Но красивая, хотя не очень молодая женщина, которая упоительной майской ночью 425 года (или — как она сама привыкла считать — 5933 года от сотворения мира) сидела в библиотеке епископского дома в Аквилее, склонившись над толстыми фолиантами, казалось, совершенно не интересовалась сутью, смыслом и целью великих, переломных, навсегда возвышеннейших деяний, хотя и сама rerum gestarum magna pars fuit[17]. Оглушительным голосом взывали к ней со страниц глубочайшие, блистательнейшие, оригинальнейшие мысли эпохи, на листах этих щитоносцы и меченосцы божьего царства вели титанический бой с когортами слуг царства тьмы, и — как гордую римлянку и набожную христианку — должны были бы занимать размышления, почему бог, которого она чтит, хочет, чтобы творилось именно так… чтобы на позор и поругание был отдан Рим, великое, могущественное, долгие века неприкосновенное, единое отечество ее и всех этих писателей, но сейчас ее ничуть не трогали ни солидные историографические и литературные конструкции, ни религиозные толкования духа истории. Зато с жадностью поглощала она те страницы «Истории против язычников», написанной в 417 году испанским священником Орозием, где находила свое собственное, изящно выписанное имя или два мужских имени: одно римское, громкое, окруженное ореолом величия… другое трудное, почти смешное, варварское, но куда более дорогое. Когда после долгого перелистывания страниц она находила наконец какое-нибудь из этих трех имен, сердце ее билось быстрее и резче, а несколько выпуклые глаза заволакивались дымкой.
Иногда что-то сердило ее в книге, тогда она откидывала назад хорошо вылепленную темную голову и, постукивая длинными, сужающимися к ногтям пальцами по цветным завитушкам букв, цедила сквозь зубы:
— Лжет… лжет… не так это было.
Потом вдруг умолкала и, не думая уже о книге, жадным ухом ловила доносящееся из-за пурпурной завесы глубокое, ровное, здоровое дыхание двух спящих в соседнем кубикуле детей. С легкостью она различала более тихое и медленное дыхание старшей девочки и быстрое, более громкое, время от времени переходящее в умиляющее ее посапывание, дыхание шестилетнего Плацида Валентиниана, благороднейшего кесаря объединенной Римской империи, который, ничуть не заботясь о своем величии, с удовольствием видел во сне, как он гоняется за чудесными белыми котятами по забитой простолюдьем константинопольской Месе.

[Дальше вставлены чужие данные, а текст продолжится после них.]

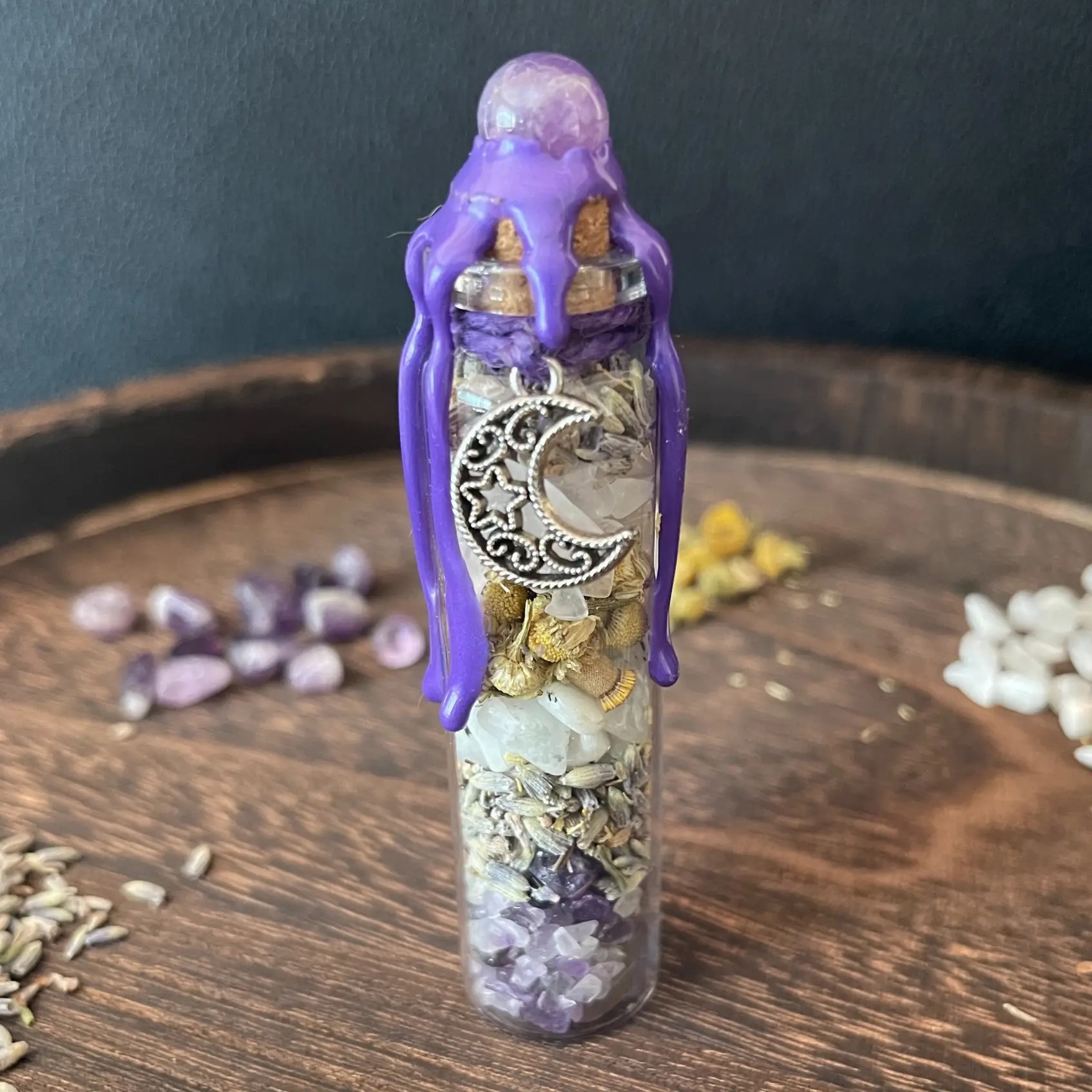 Topped with a mini amethyst sphere and a delicate moon charm, then sealed with purple wax, this piece beautifully symbolizes intuition, rest, and spiritual harmony.

Через верхний свет в библиотеку начала пробиваться утренняя серость. Кончалась благоуханная майская ночь — первая ночь отдыха и победного покоя, проведенная, однако, Галлой Плацидией так же бессонно, как и предыдущие ночи, полные трудов, тревог, борьбы и лихорадочной деятельности. Быстро протекли часы, наполненные материнской любовью и пестрым миром воспоминаний, которые нежданно, незванно ярким хороводом потянулись со страниц толстых книг Орозия и до самого рассвета наполняли библиотеку, навязчиво толклись в голове и сердце, спазмами сдавливали горло и выжимали слезы из черных, слегка выпуклых глаз. И все они жили буйной жизнью времен и людей, которых уже нет… от которых ничего не осталось, кроме двух стыдливо укрываемых белых волосков на висках и цветных знаков в книге испанского священника.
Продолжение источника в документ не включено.